Since her teenage years, Emily Haelsig knew she wanted to explore a career as an engineer – a pioneer of progress who helps shape the world we live in.
Haelsig is not only fulfilling her dream as a support engineer for PPL Electric Utilities, she’s also mentoring tomorrow’s engineers through a program designed to encourage high school students to pursue careers in STEM – science, technology, engineering and math.
For International Women in Engineering Day (June 23), we caught up with Haelsig to learn more about what drove her to a career in engineering, how she’s enjoying her career and how she’s inspiring the next generation of female engineers.
Q: Hi Emily, tell us about your role here at PPL and what your job entails.
A: I am a support engineer for the Lehigh Relay Test department. My position is a field engineering role where I get to work alongside substation field crews to test new and existing protective and communication equipment.
Q: This year’s theme for International Women in Engineering Day is “shape the world.” In what ways do you believe your role here at PPL helps you shape the world?
A: My role at PPL is very technical, which really challenges me. But the opportunities outside of my engineering role really allow me to make a bigger impact. I volunteer often in the community both through PPL and on my own. Having a strong technical background gives me the confidence to stand in front of a group of curious kids and answer their questions to the best of my ability.
Q: Speaking of that impact, I understand you’re helping to mentor the next generation of engineers through the Exploring program at the Allentown Area School District. Tell us about that program.
A: PPL’s Exploring program partners with Boy Scouts of America to bring an after-school program to William Allen High School and Building 21 High School in the Allentown Area School District. The program is focused on engineering disciplines. Every month, the team comes up with a short lesson and an activity that demonstrates a different area of engineering, from civil to chemical. The kids learn how versatile engineering really can be.
Q: Is it rewarding working with young minds interested in engineering?
A: It is very rewarding.

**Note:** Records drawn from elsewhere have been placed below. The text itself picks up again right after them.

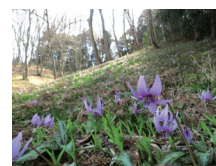
△天祖神社のカタクリ群生地
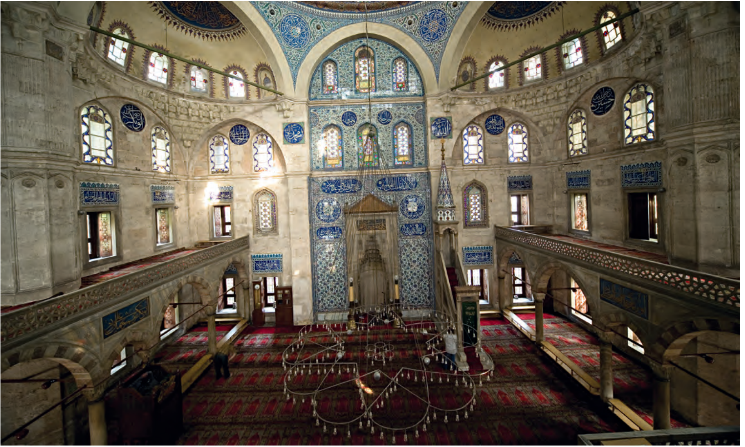
22- Kadırga Sokullu Mehmet Paşa Camii
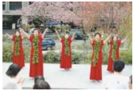
八重桜サンさん祭

助成課に変わります。医療助成費の請求がお済みでない方は、高齢者医療係まで早めに申請してください。
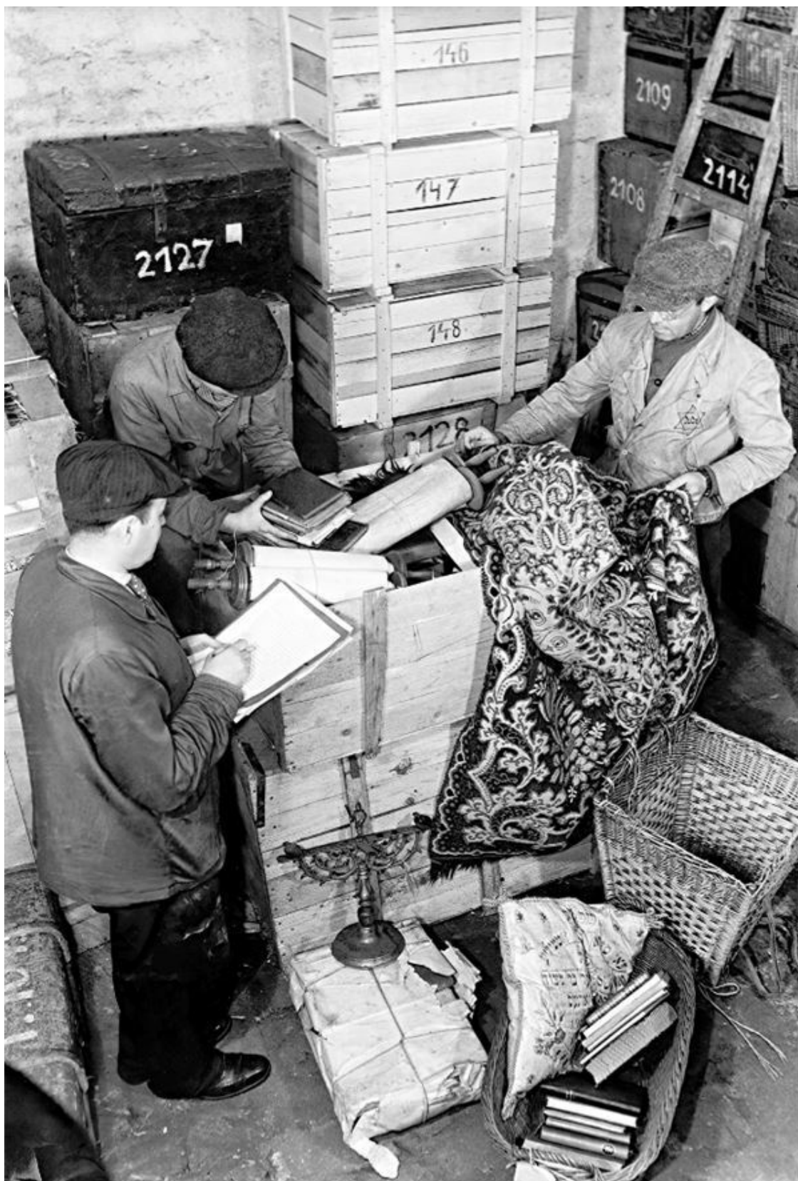
б. Распаковка ящиков, предназначенных для Еврейского музея в Праге, ок.1942 г.
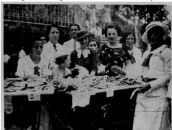
Figura 11: Imagem de mulheres em uma compra

Por fim, os acessórios se destacam por seguir uma tendência de “mais é mais”, com várias golas diferentes, a volta dos chapéus (Figura 11) e a sobreposição, ou terceira peça (Figura 12). Os vestidos da época se tornam maiores, seguindo a tendência nacional, a fim de alongar a silhueta. Além disso, os trabalhos de produção se tornam mais complexos, com mais volume e silhuetas diferenciadas de vestidos (Figura 13).
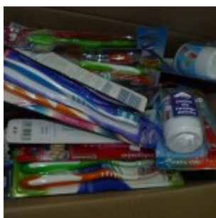
p1270439 – kopia
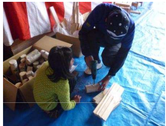
木工体験コーナー
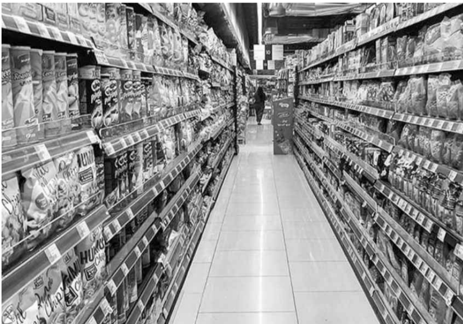
ارتفاع أسعار السلع

أعلنت جمعية المستهلك - لبنان أن سجل تطور أسعار السلع والمواد الغذائية أظهر منذ ١٥ شباط الى ٣١ آذار ٢٠٢٠، ارتفاعاً بلغ ١٣,١٧٪ أي أن أسعار هذه السلع والخدمات ذات الاستهلاك اليومي للعائلات ارتفع ما مجموعه منذ ١٧ تشرين الأول ٢٠١٩ حوالي ٥٨,٤٣٪».
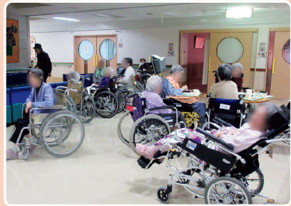
福祉施設での屋内退避
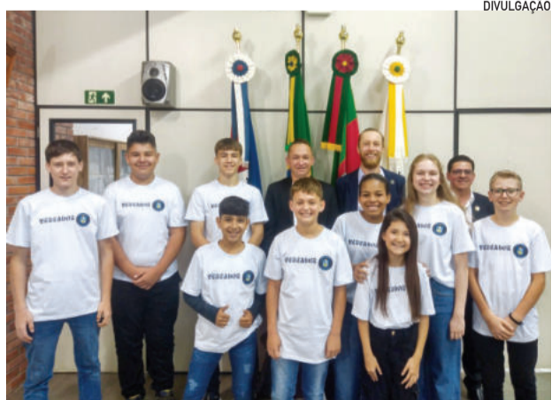
Integrantes da Câmara Mirim acompanharam agenda de visitas na Assembleia Legislativa e no Palácio Piratini
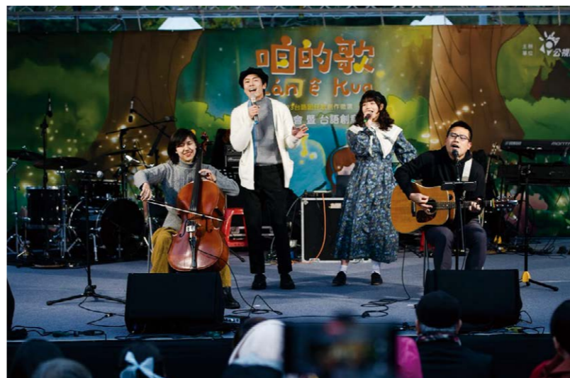
《咱的歌》台語囡仔歌創作徵選發表會，創作者演唱入選作品

2023年臺語台推出《WAWA哇!》、《穎仔穎仔育》等節目作品，也開始邁出腳步前進雙北及桃園的七所幼兒園，以台語兒歌《兩隻海豹》與《來跳舞》帶動唱，讓七百多名學齡前的孩子認識台語。此外，臺語台也嘗試在
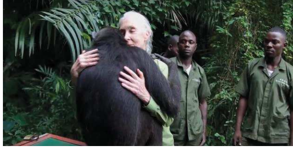
Görsel 2. Serbest Bırakılma ve Sarılma Anları
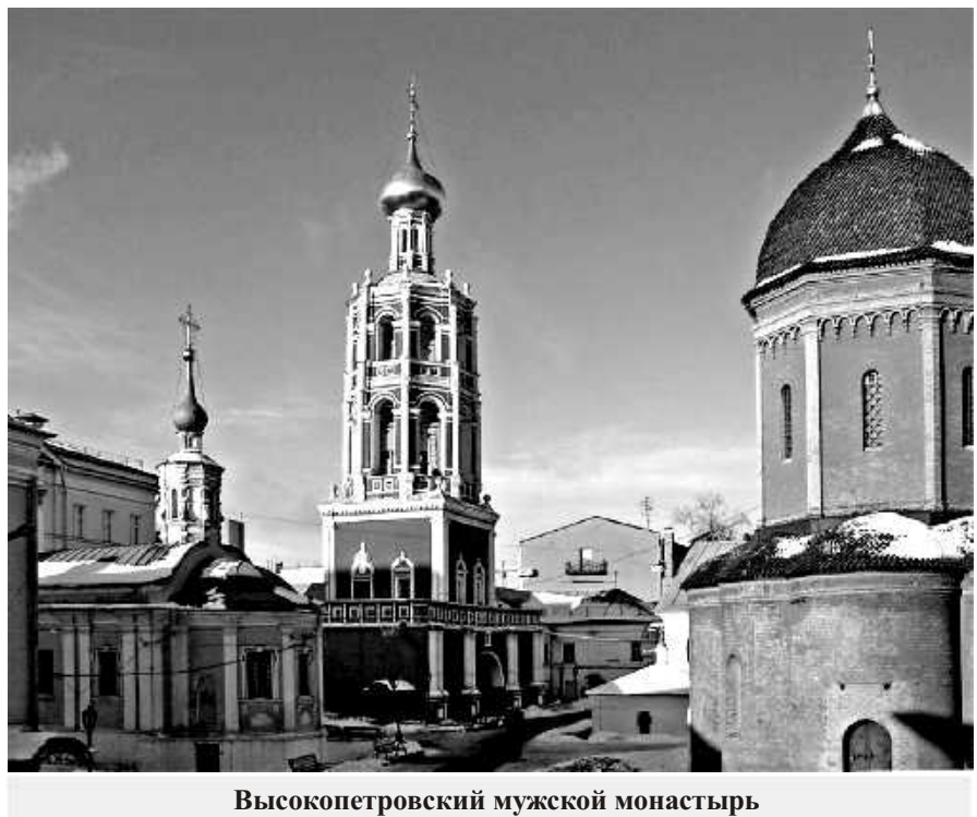
Высокопетровский мужской монастырь
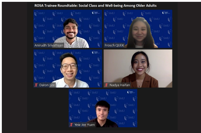
图一: 参加首届学员圆桌会议的主讲者

自成立以来, ROSA 获得了一群相当有能力的学员的支援。他们受雇于“新心相连”职场新人培训计划 (SGUnited Traineeship), 为奠定 ROSA 的基础扮演了重要角色。为了表扬他们的优异工作, 我们在 2021 年 6 月 7 日举行了首届学员圆桌会议。会议中, 他们向逾 40 名大学生和研究生分享他们的调查结果。我们希望类
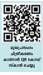
മുഖപ്രസംഗം ചിത്രീകരണം കാണാൻ QR കോഡ് സ്കാൻ ചെയ്യൂ

പിറവിത്തീർന്നാളിന് ഒരുങ്ങുന്ന നമുക്ക് പരിശുദ്ധ മറിയവും യൗസേപ്പിതാവും മാതൃകയാകണം. തങ്ങളുടെ ജീവിതത്തെ കീഴ്മേൽ മറിക്കുന്ന സഹനങ്ങളെ മറിയവും യൗസേപ്പിതാവും അനുഗ്രഹമാക്കിയത് ധീരതയോടെ ദൈവിക പദ്ധതിയുടെ മുൻപിൽ ശിരസുമിടിച്ചാണ്. യുദ്ധങ്ങളും കെടുതികളും അക്രമണങ്ങളും വർദ്ധിച്ചു വരുന്ന ഈ ദിനങ്ങളിൽ നമ്മുടെ മുഖപോട്ടാനുള്ള മണ്ണ് നമ്മുടെ ഒരുക്കി കൊടുക്കാം. നമ്മുടെ പരിപോഷിപ്പിച്ച് സന്താനങ്ങളുളളവരുടെ ഇടം ഒരുക്കാം.
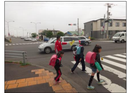
<釧路事業所での通学路見守りボランティアの様子>
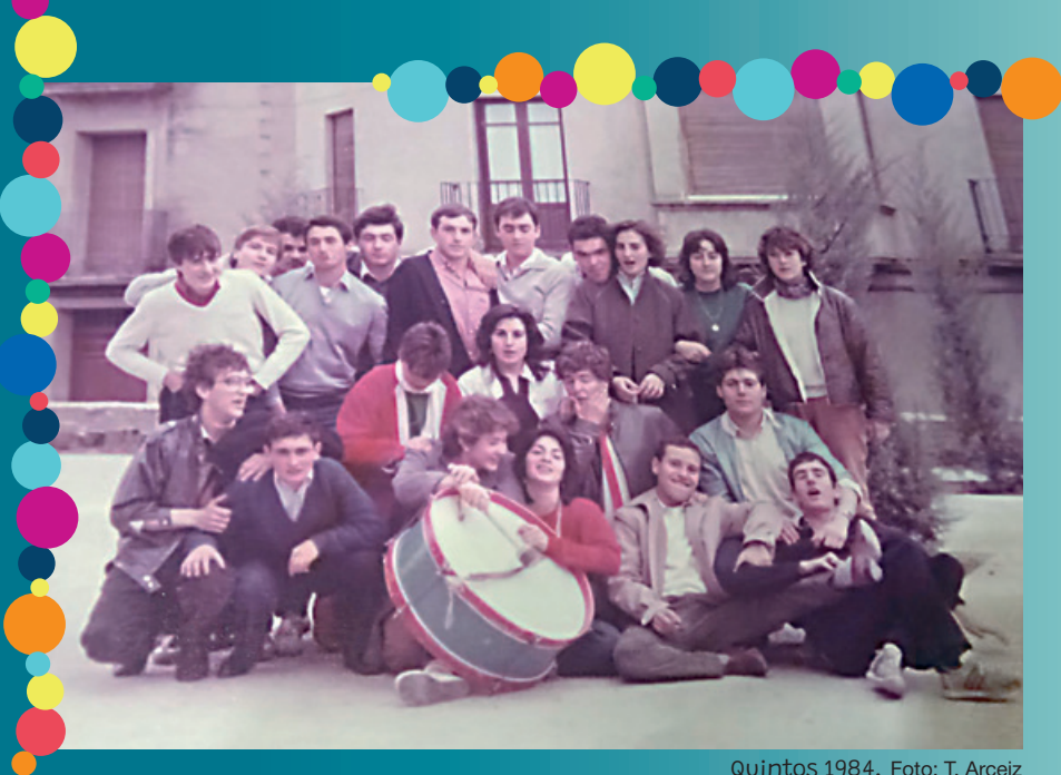
Quintos 1984.
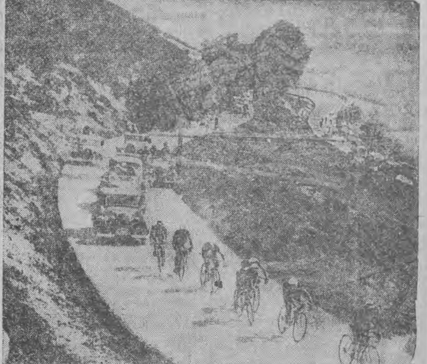
przewodziła trasa gigantycznego wyścigu „Tour de France“, który przyciąga świat sportowy.
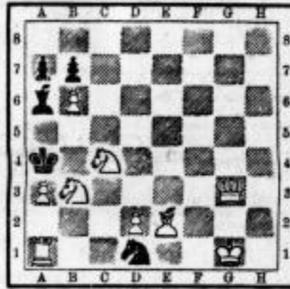
Welch sieht es und setzt in zwei Zügen matt (3 + 5 = 14).

Kuhgabe Nr. 1654. Von W. Pauly in Budapest.

Even outside of Exploring, I have had the chance to work on STEM activities with kids of all ages and it really never gets old. To have them get excited about the outcome of an engineering-based project or ask questions about the power grid that most adults might not even consider is really exciting. We get the opportunity to show them that engineering and math is much more practical and useful than what they might assume because of how it is sometimes taught in school.
Q: There are far fewer female engineers in the workplace than men. How can we as a society encourage more female engineers?
A: I think workplaces need to make it a more welcoming environment. It can be very intimidating to be the only female in a class or on a team, especially if not everyone is supportive. I have heard horror stories about women in engineering fields not being taken seriously, but I have been lucky enough not to experience anything like that here at PPL. I think it has a lot to do with culture, so companies need to have a culture that is inclusive to everyone and that will bring more females into engineering.
Q: How is PPL helping to keep female engineers in the field?
A: Through showing support. I worked in the General Office (in downtown Allentown) for a little over two years, but knew I wanted to be out with Relay Test because that was my first introduction to the company as an intern. A position opened in our Lehigh region and I was fortunate enough to be considered and accepted into the position. I have been in the field for about nine months now, and although I knew most of the team from my internship, they welcomed me immediately. I was not treated any differently for being a female and that is what will keep me in the field.
Q: How did you become interested in engineering?
A: I knew in high school that I wanted to do something that was heavy in problem solving and mathematics, so engineering made sense. Further, electrical engineering was one of the more mathematics-based engineering disciplines, so I tried that out my freshman year and stuck with it. It was a pretty calculated decision.
Q: What is your engineering educational background?
A: I have an Electrical Engineering degree with a minor in Mechanical Engineering from Widener University. Currently, I am also pursuing my MBA through Desales University.
Q: Why do you think International Women in Engineering Day is important to celebrate?
A: Roughly 8 to 15% of engineers are women, depending on what discipline you look at. Electrical Engineering is around 8%. It is important to celebrate Women in Engineering Day to remind all the women in engineering of their accomplishments and give them the recognition they deserve. It also serves to remind young women and girls that they can be what they want to be, and shouldn’t have any limitations in their career path just because they are women.